The ear is one of the very important organs of the body. It is not considered vital and even in case some of its parts do not function properly people may survive. Human ear comprises of three parts, the outer ear, middle ear and inner ear. The middle ear communicates with the throat via the Eustachian tube.
Ear infection commonly affects children even though it is also possible in older patients. Children are also prone to recurrent ear infections as well as chronic ear infections. All ear infections can be roughly classified as otitis externa, otitis media and labyrinthitis (inflammation of the inner ear).
The symptoms of otitis externa include itching ear, the presence of fluid or discharge from the ear, earache that tends to intensify with the movement of the ear lobe and jaw, loss of hearing and fever. The infection of the outer ear is most commonly caused by bacteria or fungi. Hence the treatment includes either antibiotics or antifungal medications.

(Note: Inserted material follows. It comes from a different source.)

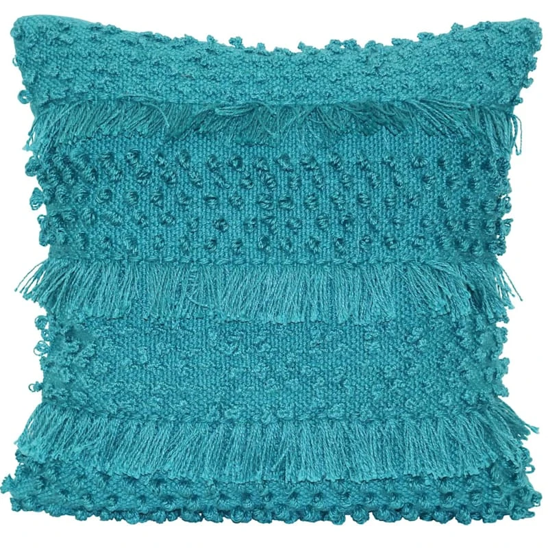 A jack of all trades, including graphic designer, carpenter, contractor, author and beloved reality TV host, Ty Pennington has curated a new and exclusive collection for At Home. Featuring a global-inspired design, our aqua knotted rug pillow is brimming with loads of exotic charm. The brilliant aqua fabric boasts a knotted motif with eclectic alternating color fringe detail. A unique throw pillow like this helps you create an instant refresh with ease.

Otitis media is an inflammation of the middle ear. It is also known under name glue ear. The infection is accompanied by accumulation of fluid inside the inner ear and protrusion of the eardrum into the outer ear canal. Otitis media is common among children. Otitis media may be a complication of some infections of the upper respiratory tract such as cold, sore throat and nasal allergy. It typically features with fever, pain in the ear, the accumulation of fluid inside the middle ear, dizziness, troubles in hearing, sickness and nausea.
Treatment for otitis media is different depending on the patient's age, risk factors, immunization status and hearing status. In majority of cases patients are administered antibiotics. The pain is controlled by analgesic eardrops. In case the infection simply does not respond to antibiotics the patient undergoes myringotomy. This is a surgical procedure that includes making a small cut in the ear drum. The cut allows the accumulated fluid and pus to drain from the middle ear. The doctor also inserts a tiny ventilation tube inside the cut in the ear drum. This way the entire content can be properly drained and there is no chance of spontaneous closure of the incision.
Inflammation of the Inner Ear- Labyrinthitis
The most prominent symptom of the inner ear infection is acute vertigo. Vertigo results from the damage to the vestibular system, the system responsible for maintaining balance. One more characteristic of inner labyrinthitis is nystagmus (undesired eye motion). Additional symptoms include nausea, anxiety and general feeling of being ill.
Patients suffering from labyrinthitis must have plenty of rest. Those dealing with nausea and vomiting are treated with intravenous fluids and antiemetic medications. Additional help is obtained from diazepam and other benzodiazepines. Battle against an inflammation is also successful if one is administered corticosteroids. The actual benefits of antiviral medications are not fully confirmed yet. And finally, if the infection is caused by bacteria patients are routinely administered antibiotics according to antibiogram.